• [Problem statement]
Reproduce, exactly and only, the lines of the data that follows from the one containing "No primeiro momento" down to the one containing "Комплект халат и", without pictures.

[[ Extracted data, beginning ]]

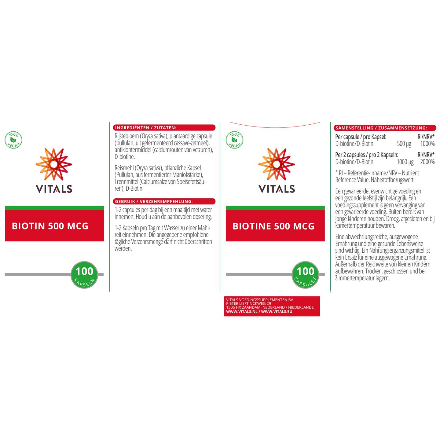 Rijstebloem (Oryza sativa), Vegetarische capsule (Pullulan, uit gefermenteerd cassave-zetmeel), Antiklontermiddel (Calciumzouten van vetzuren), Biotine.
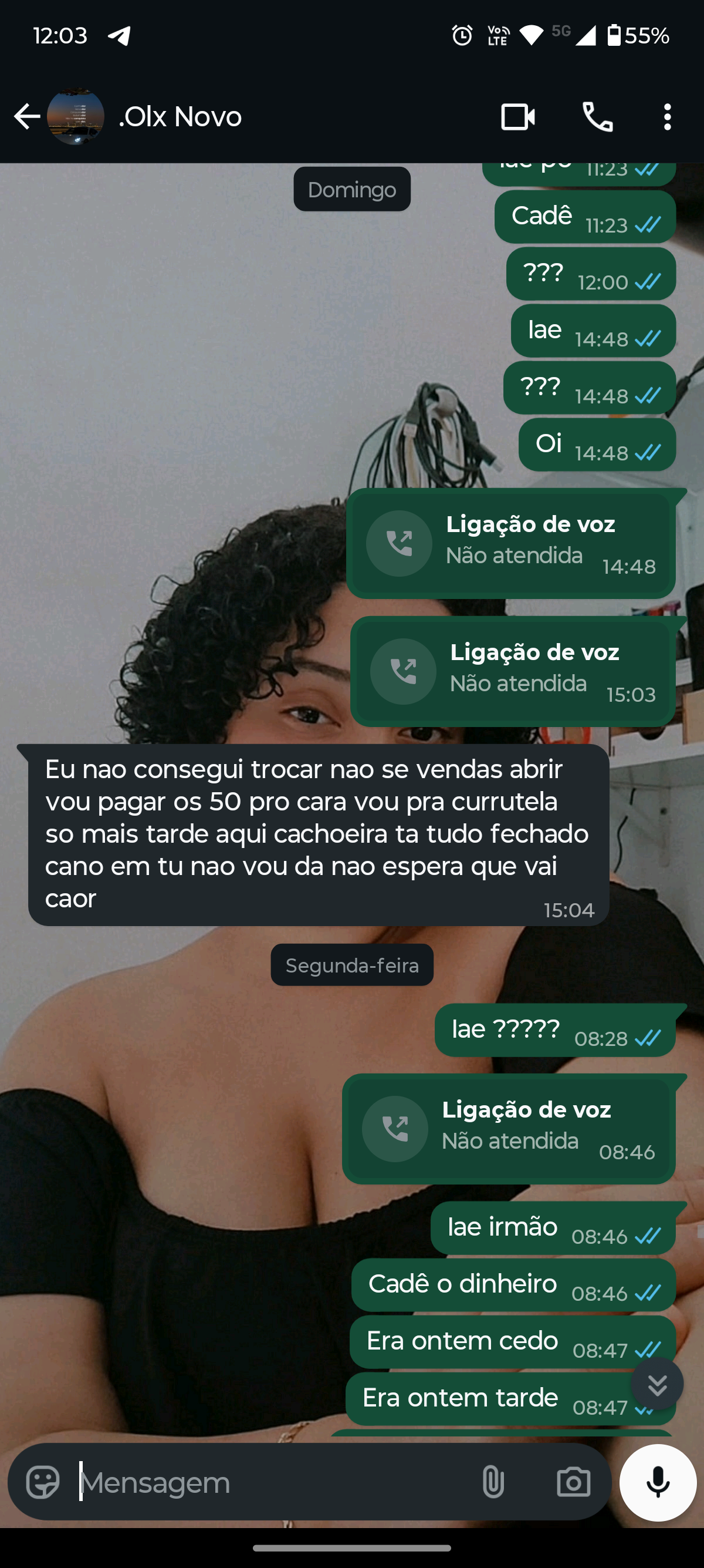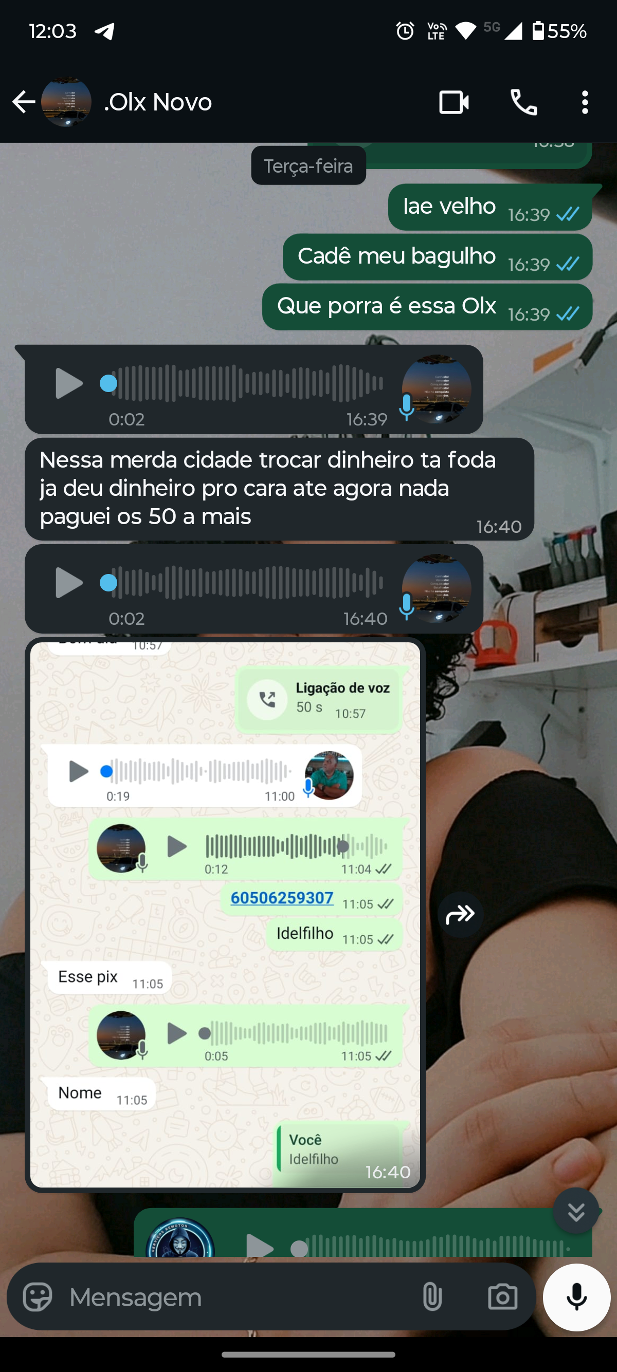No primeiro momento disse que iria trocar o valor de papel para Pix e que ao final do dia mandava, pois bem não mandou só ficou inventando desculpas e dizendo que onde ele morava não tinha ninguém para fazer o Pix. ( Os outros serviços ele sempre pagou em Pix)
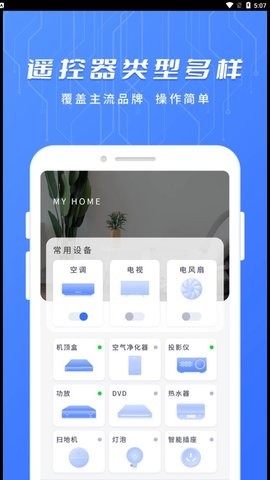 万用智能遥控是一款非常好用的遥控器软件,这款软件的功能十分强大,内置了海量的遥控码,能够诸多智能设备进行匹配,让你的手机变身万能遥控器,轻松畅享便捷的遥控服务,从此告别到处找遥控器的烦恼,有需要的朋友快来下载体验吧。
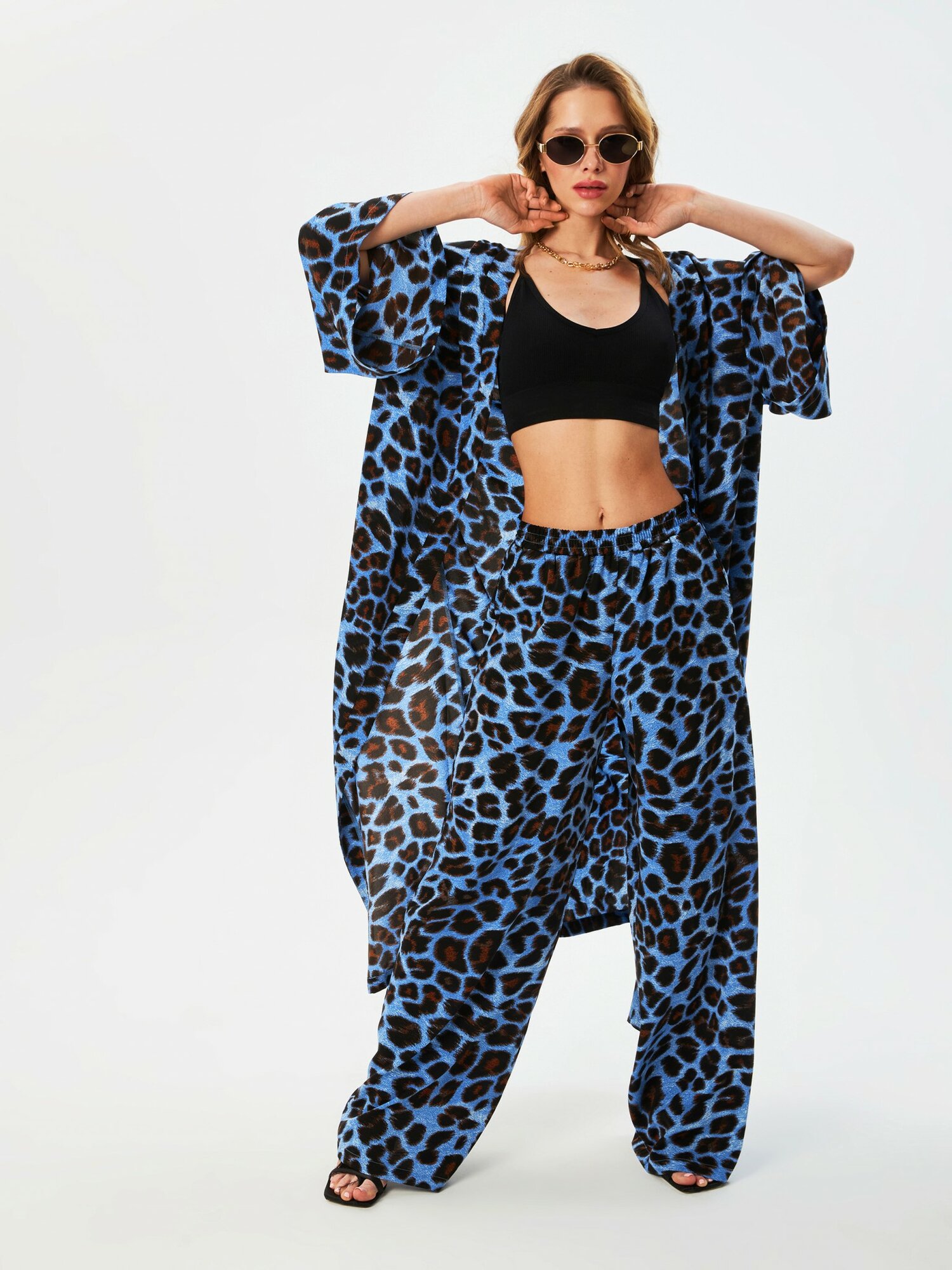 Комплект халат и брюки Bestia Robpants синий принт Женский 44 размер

[[ Extracted data, end ]]
[[ Extracted data, beginning ]]

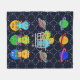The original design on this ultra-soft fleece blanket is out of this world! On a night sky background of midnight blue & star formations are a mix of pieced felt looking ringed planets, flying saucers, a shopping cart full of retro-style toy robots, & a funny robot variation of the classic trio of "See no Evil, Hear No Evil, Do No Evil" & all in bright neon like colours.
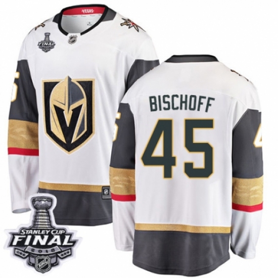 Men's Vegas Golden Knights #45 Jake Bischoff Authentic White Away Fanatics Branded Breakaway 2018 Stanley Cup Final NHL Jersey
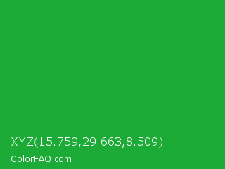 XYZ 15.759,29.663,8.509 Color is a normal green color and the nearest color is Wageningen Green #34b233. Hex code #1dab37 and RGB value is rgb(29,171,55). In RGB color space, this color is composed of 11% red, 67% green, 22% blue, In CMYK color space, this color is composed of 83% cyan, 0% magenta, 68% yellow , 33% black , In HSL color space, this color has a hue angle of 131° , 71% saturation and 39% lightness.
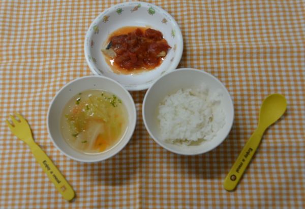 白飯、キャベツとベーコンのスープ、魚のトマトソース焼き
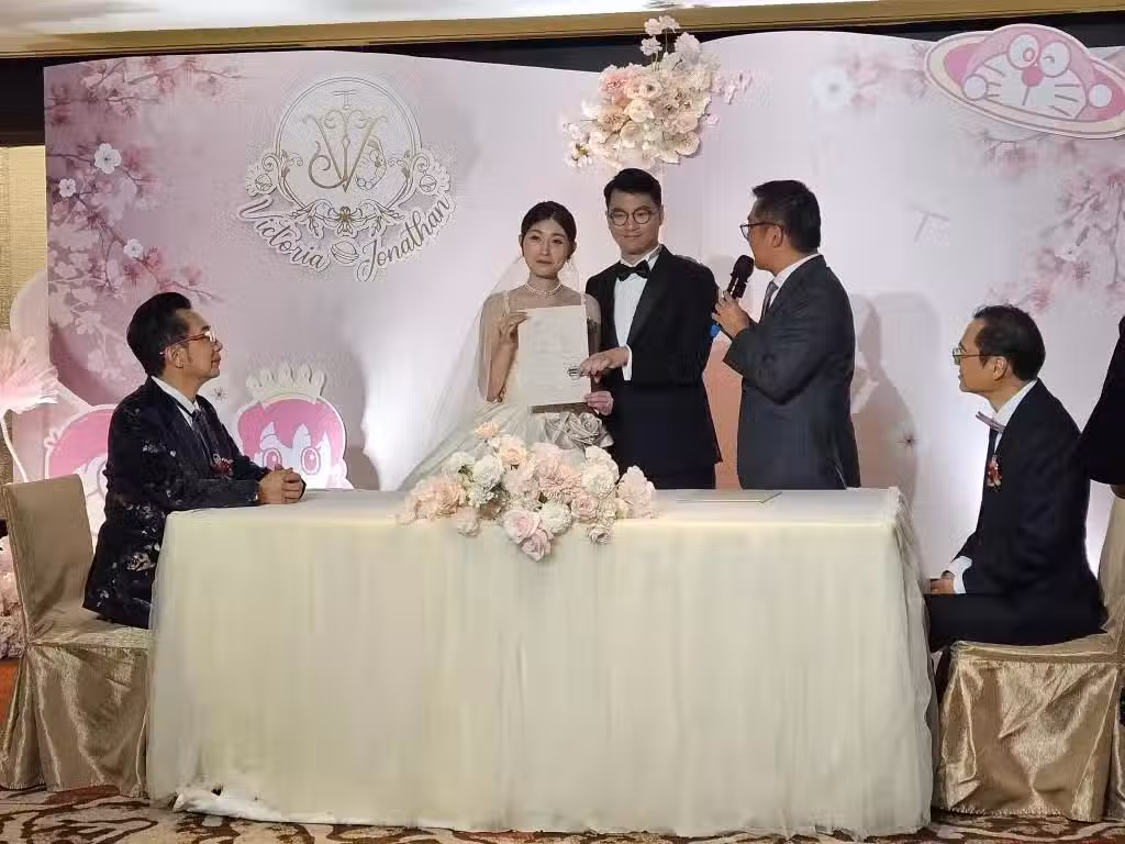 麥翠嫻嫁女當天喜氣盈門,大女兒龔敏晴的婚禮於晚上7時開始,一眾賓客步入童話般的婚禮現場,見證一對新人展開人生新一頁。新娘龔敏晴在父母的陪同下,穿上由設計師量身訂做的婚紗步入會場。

[[ Extracted data, end ]]

• [Exercise solution]
No primeiro momento disse que iria trocar o valor de papel para Pix e que ao final do dia mandava, pois bem não mandou só ficou inventando desculpas e dizendo que onde ele morava não tinha ninguém para fazer o Pix. ( Os outros serviços ele sempre pagou em Pix)
 万用智能遥控是一款非常好用的遥控器软件,这款软件的功能十分强大,内置了海量的遥控码,能够诸多智能设备进行匹配,让你的手机变身万能遥控器,轻松畅享便捷的遥控服务,从此告别到处找遥控器的烦恼,有需要的朋友快来下载体验吧。
 Комплект халат и брюки Bestia Robpants синий принт Женский 44 размер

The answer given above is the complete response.